Pietro Bevilacqua: An Attraction to Forms and Their Union
All images by . Used with permission.
“It was like getting reborn!” says photographer about his photographic journey, where he decided to completely abandon digital photography two years ago. “The film choice, chemicals, development and printing give me the feeling of living photography completely.” Combine this with his love of black and white photography, and it starts to make a whole lot more sense.
Pietro Bevilacqua is from Macerata, a little town in center Italy. He’s a hobbyist and during the daytime, works as a cop for six hours a day and tells us that he shoots photos for the rest of the time. In fact, he even thinks about it when he sleeps.
Mr. Bevilacqua interestingly states that he was born a landscape photographer but with time and film became more attracted to forms and their union with human beings. This contributes his love of NeoRealism in photography–especially with regards to Urban Geometry.

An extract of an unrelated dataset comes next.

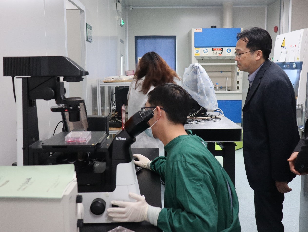 随后,刘副市长实地考察了学院科研场地,治平堂科研平台和南实验楼科研平台。刘副市长与实验室师生进行了深入交谈,了解所开展的科研项目、转化前景等情况,充分肯定了我院创新性的科研工作。他说,yl9193永利集团(深圳)教师的科研工作具有很强创新性和实用性,应用前景广泛,希望能加快科技成果的输出,尽早开展中式化、产业化研究,进行科技转化。

Black and white photography forces you to spend a few more seconds to observe and think, either when you shoot or when you look at a print. Graphism, geometry and contrast are fundamental, no attraction or distraction given by strong colors forces us to find other focal points in the image.
I think I will continue to change and go back, it’s not forbidden in photography; I honestly think that in this way you can also enrich yourself as a photographer.

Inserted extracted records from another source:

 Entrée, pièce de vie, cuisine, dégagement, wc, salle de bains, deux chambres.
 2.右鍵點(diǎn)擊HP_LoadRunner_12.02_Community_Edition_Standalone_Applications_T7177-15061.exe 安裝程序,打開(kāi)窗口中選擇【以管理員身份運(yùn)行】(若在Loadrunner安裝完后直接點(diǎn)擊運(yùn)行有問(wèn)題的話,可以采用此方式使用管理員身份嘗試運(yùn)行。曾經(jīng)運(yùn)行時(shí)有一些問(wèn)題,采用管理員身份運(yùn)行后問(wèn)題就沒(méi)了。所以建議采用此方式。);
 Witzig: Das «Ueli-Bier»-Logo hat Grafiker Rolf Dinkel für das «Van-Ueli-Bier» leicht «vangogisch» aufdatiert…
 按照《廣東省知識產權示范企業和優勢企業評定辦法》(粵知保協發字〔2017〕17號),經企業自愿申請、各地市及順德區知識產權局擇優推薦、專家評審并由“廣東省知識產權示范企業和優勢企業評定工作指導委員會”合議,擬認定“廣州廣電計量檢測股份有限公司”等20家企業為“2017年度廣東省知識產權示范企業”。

I do not consider myself an art expert, but I believe black and white photography plays a crucial role in contemporary art.
Usually I use at the same time 35mm and medium format film often with a Pentax K1000 (with 35mm and 50mm lenses) and with a Fujifilm GA645, a great and comfortable 6×4,5 camera. The films I use are mainly Ilford FP4, HP5, Fomapan Classic and Action; I like them especially for the grain and for the not too modern look.